Additionally, cutting back on potassium-rich foods must not lead to decreases in alkali or fiber intake. The latter particularly is important in limiting potassium absorption, by promoting intestinal motility and thus flushing out excess potassium via increases in stool bulk.

Therefore, Kalantar-Zadeh and his colleagues suggested that clinicians should implement interventions such as:

  • Knowledge and education about the type of foods which contain excess potassium (per serving or per unit of weight), about the foods needed for proper nutrition in CKD and end stage renal disease, and that supply a low potassium load
  • Classification of foods based on their potassium content normalized per unit of fiber
  • Education about the use of cooking procedures (especially boiling) in order to achieve demineralization and in particular for removing potassium before eating

They also noted that hidden sources of potassium, such as food additives and low-sodium salt substitutes need to be monitored, as well.

In the Journal of Nutrition, Kelly Picard, RD, BSc, wrote last year that use of potassium additives in processed foods is growing, with amounts that far exceed that which naturally occurs in fresh produce and meat. “Clinicians and patients need to be aware of these changes in the food source to ensure potassium diet teaching is effective and safe,” said Picard.

And since hypertension and proteinuria are well-known complications of chronic kidney disease, many patients will use salt substitutes to flavor their food.
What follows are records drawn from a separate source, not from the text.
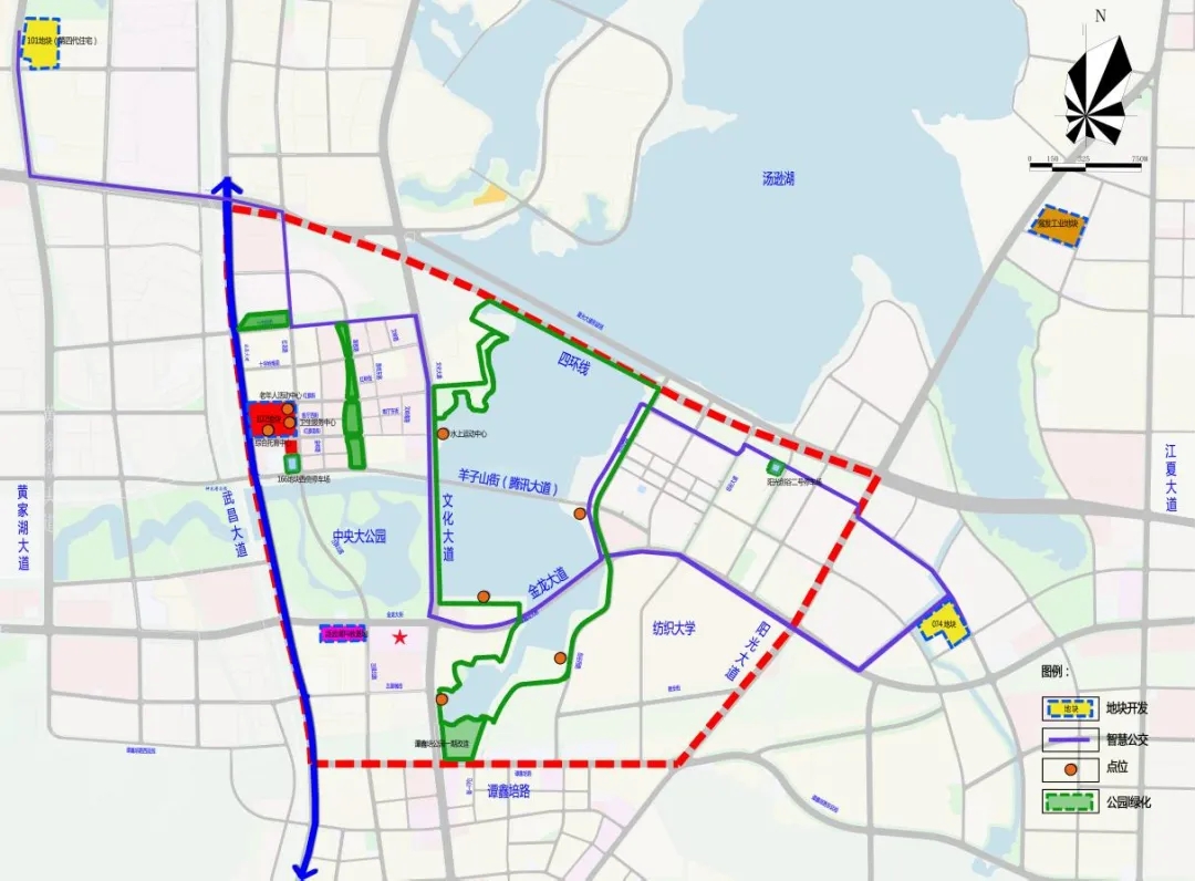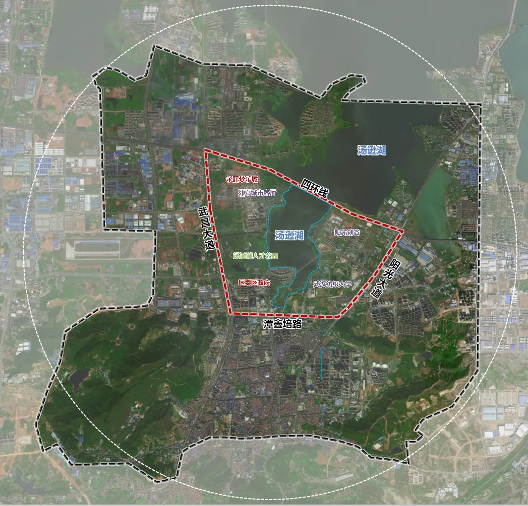 項(xiàng)目核心區(qū)范圍北起四環(huán)線,南抵譚鑫培路,西至武昌大道,東達(dá)陽光大道,規(guī)劃區(qū)域面積10.65㎞²(含水域2.2㎞²),研究范圍更延伸至區(qū)界、廟山大道、紙坊大街、黃家湖大道及區(qū)界圍合形成的廣闊區(qū)域。
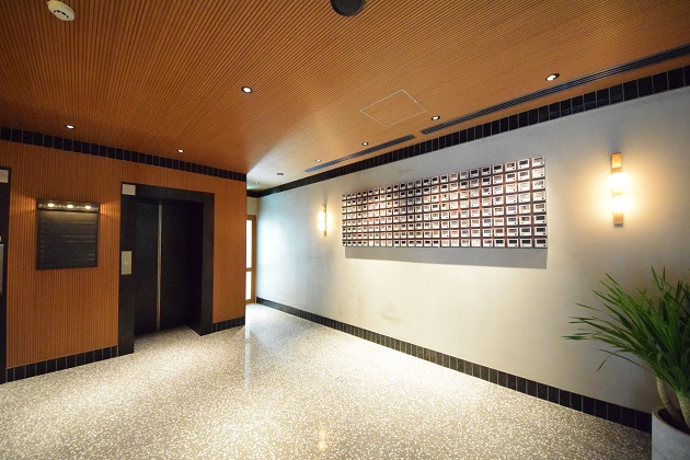 高級感があり洗練されたデザイン、エレベーターは2基利用可能です。
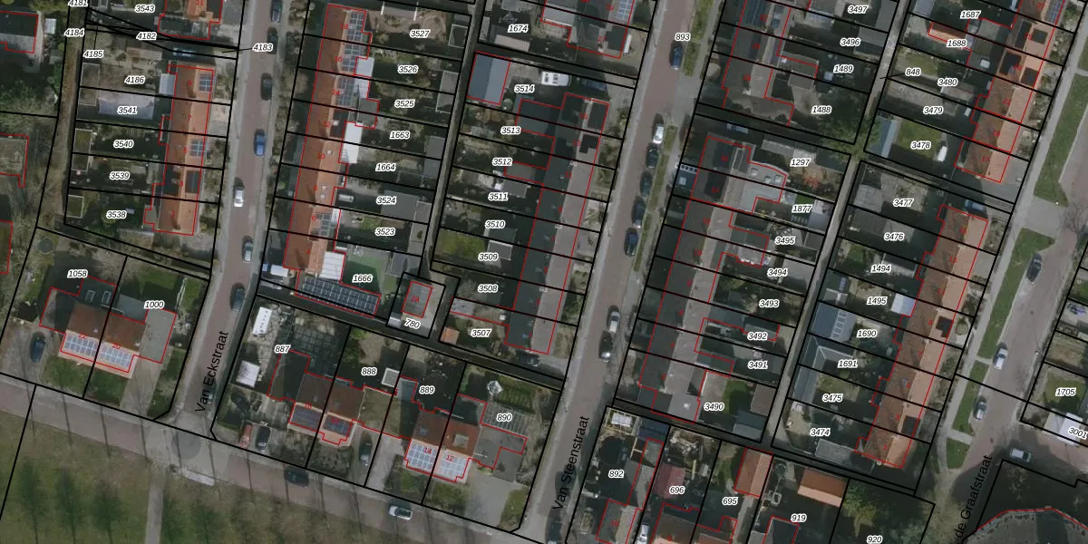Gebruik de zoekbalk of klik op een perceel voor informatie over de adressen binnen dit perceel.
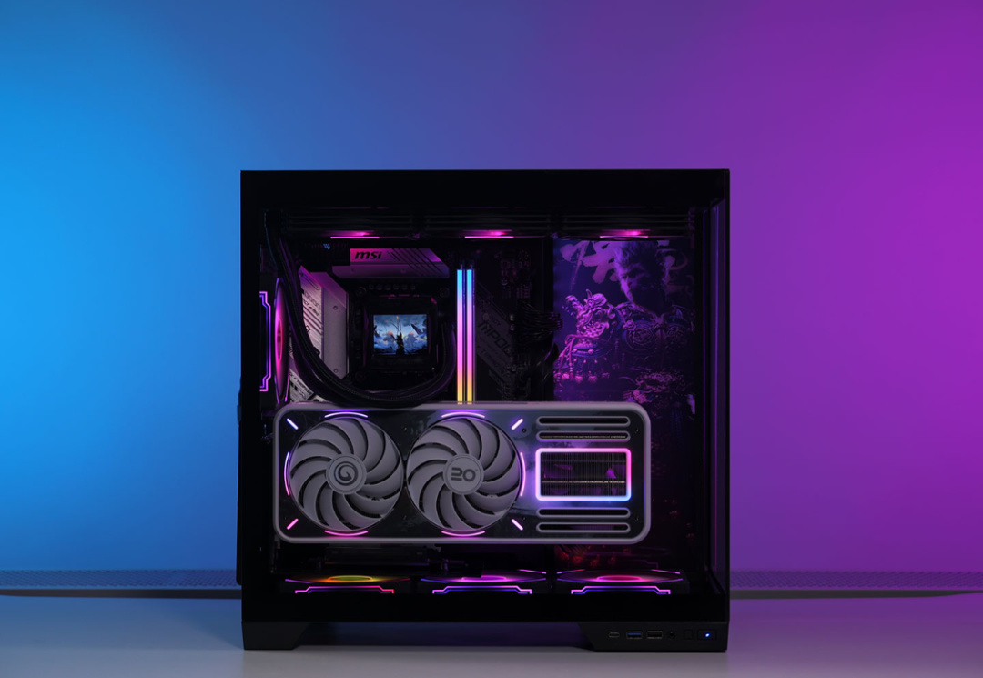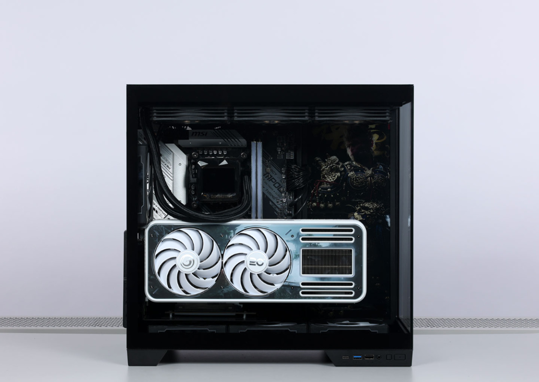 將散熱、電源全部鎖入機箱後,給機箱側面風扇位上安排上一塊《黑神話·悟空》定製燈板,其餘風扇位則全部安排上影馳夢境Pro黑色散熱風扇;

A recent review published in Hypertension noted that while replacing regular salt with potassium-enriched salt substitutes can successfully lower blood pressure, it does present risks to patients susceptible to hyperkalemia, such as those with chronic kidney disease.

On the other hand, approval of new potassium-binding agents — sodium zirconium cyclosilicate and patiromer — have been shown to effectively and safely reduce serum potassium levels and could eventually provide clinicians and patients with an alternative (or supplement) to dietary alterations.

“So now we have a number of potassium binders that could help to allow our patients to do better with hyperkalemia surges so that they can enjoy more healthy foods,” said Kalantar-Zadeh.

He added, though, that further research is still needed to demonstrate that these agents can genuinely provide patients with more flexibility to eat fruits and vegetables with high potassium. “We just don’t know yet.”

Disclosures

Kalantar-Zadeh has received commercial honoraria and/or support from Abbott, Abbvie, Alexion, Amgen, AstraZeneca, Aveo, Chugai, DaVita, Fresenius, Genentech, Haymarket Media, Hospira, Kabi, Keryx, Novartis, Pfizer, Relypsa, Resverlogix, Sandoz, Sanofi, Shire, Vifor, UpToDate, and ZS-Pharma.